At the end of the day, there are tough decisions to be made. Weighing the ethics of mortgaging the future and allowing sick people to die is a conundrum ironically begotten by an at least some-what free market. The US is talking about cures and procedures that other countries simply do not have, and their price points. The privilege of having those innovations in our time is humbling. But the fact remains that affordability is something that comes with time, not entitlement.

Housing

Let’s put aside preposterous places like New York, Los Angeles, and San Francisco, and assume they are anomalies. With the calls for higher wages and rent-control as a means to address this national housing crisis, it’s obvious everywhere in the US is affected in one way or another.

The claim is that no one can afford a two-bedroom apartment on minimum wage. The obvious response to that is, get roommates and work toward a promotion.

The subsequent claim is that wages are not rising with the cost of housing, so even those who make more than the minimum wage cannot afford a two-bedroom apartment. A plausible response to that could be supply and demand.

I’ve discussed housing costs in the past but mainly in those unruly metropolitan areas like Los Angeles and San Francisco.

But would you expect that housing is still not affordable in a place like Minneapolis and its suburbs? Not by San Francisco standards, of course, but builders are turning away jobs for starter homes in the $150,000 – $250,000 range.

The average single family home in the Twin Cities area is just under $300,000, and it might be cheaper to try and get an existing home than to commission a new build.

VP of Cardinal Home Builders, Tony Wiener, says one third the cost of new construction is regulatory.

“One third of the total package price, with the land, is in the regulatory costs. Your wetland fees, your park dedication fees, your permit costs.”

The article goes on to show a comparison where the construction costs stay flat, but the land and regulatory costs changed:

Housing First Minnesota partnered up for a study about this topic and broke down the estimated cost of a new house in Corcoran, Minnesota. The estimated construction cost is $182,000. The administrative costs that go into it were estimated at $56,000. The total cost of the home came in at $372,000.

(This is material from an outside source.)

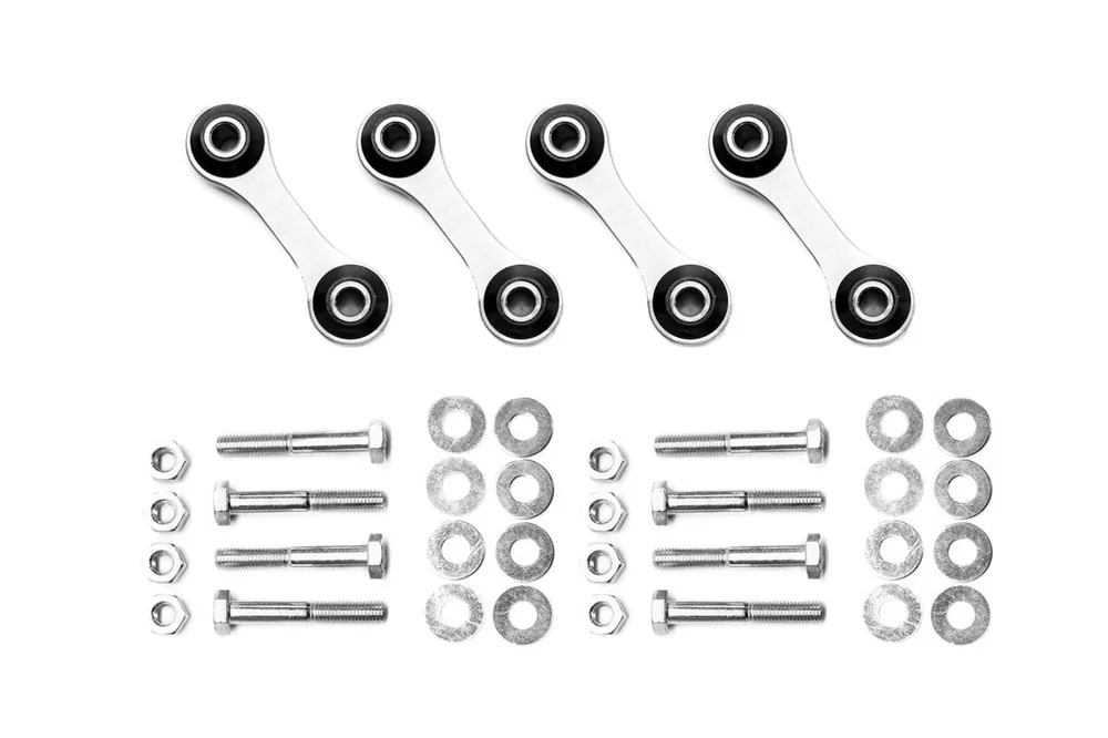 Crafted from durable 6061-T6 aluminum with a hard anodized finish, these endlinks are CNC cut for precision fitment. Featuring urethane bushings, they provide a firm yet compliant connection that enhances suspension feedback without compromising comfort. The set includes four endlinks and all necessary hardware, ensuring a complete front and rear upgrade. Proudly made in the USA, these endlinks are built to last and perform.

The study estimated the exact same build in the community of Hudson, Wisconsin and the total price was $43,000 cheaper, with the savings split between land and administrative costs.

Another paper out of the National Association of Home Builders has the percentage falling between 14% on the low end and 36% on the high end.

Wages too low and costs too high share a common denominator… the government. Taxing people who are struggling means their net take-home pay is lower. Paying them a higher wage would mean a higher amount of taxes they would have to pay, with their take-home pay still not being significant enough to afford this elusive two-bedroom flat.

The pay-to-play regulations to build new construction to meet demand also isn’t helping to keep costs down.

People defend regulations and taxes as “necessary” for a safe and civilized society, but they simultaneously resent how they increase their out-of-pocket costs. Much like laws, most think that regulations and taxes should be for everyone else, but them. That’s not how politics works, if it works at all.